Face à l’urgence climatique et aux limites économiques du modèle actuel, le secteur de la construction ne peut plus se contenter d’ajustements progressifs. Entre massification de la rénovation, contraintes budgétaires et évolution des usages, une transformation en profondeur s’impose. L’intelligence artificielle, combinée à des approches collectives et territoriales, ouvre aujourd’hui la voie à un véritable changement de paradigme.
Nous le savons : notre modèle de construction n’est plus soutenable. Responsable d’une part significative des émissions et de la consommation de ressources, le secteur est aussi l’un des plus exposés aux conséquences du dérèglement climatique. Pourtant, il constitue également un levier majeur de transformation.
L’enjeu n’est plus d’améliorer marginalement nos pratiques, mais de changer d’échelle. La rénovation doit être massifiée. Intervenir à l’échelle du quartier plutôt que du bâtiment permet de mutualiser les moyens, d’industrialiser certaines approches et de réduire les coûts. Dans un territoire comme la Wallonie, marqué par l’importance du bâti existant, cette approche prend tout son sens.
Mais cette massification se heurte à une limite incontournable : la contrainte budgétaire. Les rénovations globales restent difficilement généralisables en raison de leur coût. La majorité des ménages ne peut engager des transformations complètes en une seule fois.
Il faut donc changer de logique. Plutôt que de viser une « rénovation parfaite », il s’agit de permettre à chacun d’agir à la hauteur de ses moyens, par des interventions ciblées et efficaces. La rénovation devient un processus évolutif, structuré par étapes, où chaque action s’inscrit dans une trajectoire cohérente à long terme. L’enjeu est de trouver le bon équilibre entre standardisation des processus et adaptation aux spécificités locales.
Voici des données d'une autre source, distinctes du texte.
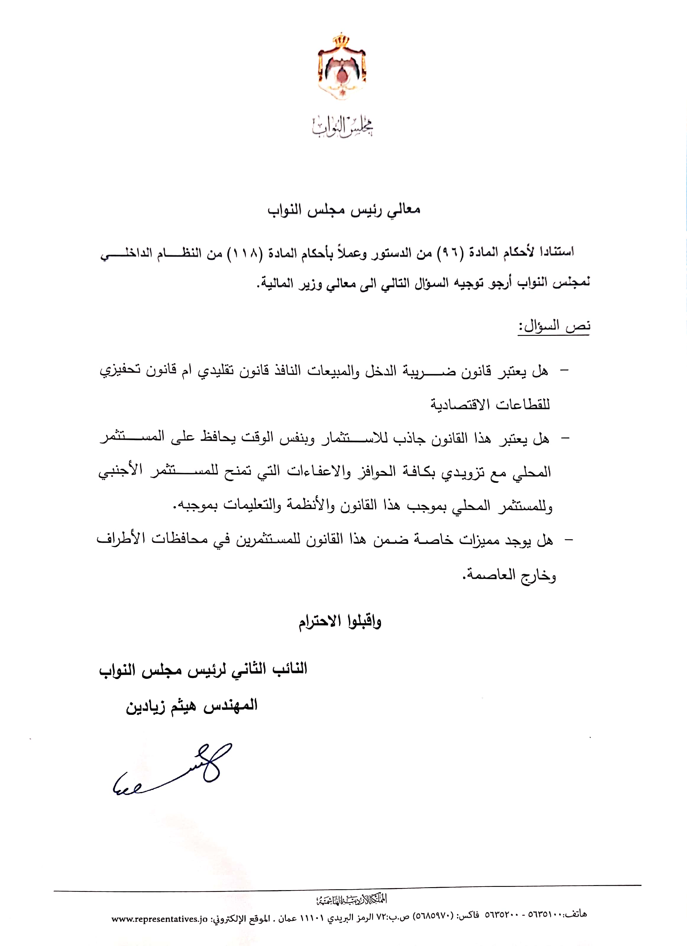 كما وجه الزيادين للعسعس سؤالا حول قانون ضريبة الدخل والمبيعات النافذ حاليا متسائلا هل يعتبر هذا القانون تقليدي ام تحفيزي للقطاعات الاقتصادية ؟ وهل يعتبر ايضا جاذب للاستثمار الخارجي ويحافظ بذات الوقت على المستثمر المحلي من ترك السوق الاردني والهروب للخارج ؟ مطالبا بتزويده بالإعفاءات والحوافز التي تمنح للمستثمر من الخارج والمستثمر المحلي بموجب هذا القانون .

C’est dans cette logique d’optimisation sous contrainte que l’intelligence artificielle prend tout son sens. Elle permet d’identifier les interventions les plus pertinentes en fonction du bâti, des usages et des ressources disponibles, et de coordonner à grande échelle des données multiples : priorités, plannings, contraintes budgétaires et dynamiques territoriales.
Mais son apport ne se limite pas à l’optimisation. Elle permet d’appréhender le bâtiment – et plus largement le quartier – comme un système complexe et évolutif, dont les composantes interagissent entre elles.
Au-delà de l’aspect architectural, le rôle de l’auteur de projet ne consiste plus à additionner des solutions, mais à piloter des équilibres.
Cette transformation ouvre également la porte à un acteur encore trop peu mobilisé : le citoyen. L’auto-rénovation accompagnée, intégrée dans des démarches collectives, permet d’élargir les capacités d’intervention tout en renforçant l’appropriation des projets.
Les rôles évoluent en conséquence : l’architecte devient stratège, l’entrepreneur organisateur, les pouvoirs publics facilitateurs. Il ne s’agit plus de juxtaposer des interventions, mais de coordonner des intelligences.
Mais au-delà des outils, le véritable défi est culturel. Changer de paradigme, c’est passer d’une logique individuelle à une intelligence collective à l’échelle des territoires.
Le secteur de la construction a toujours su s’adapter. Aujourd’hui, il doit se transformer. Et cette transformation ne se fera ni seule, ni à la marge.
Elle sera collective, systémique… ou ne sera pas.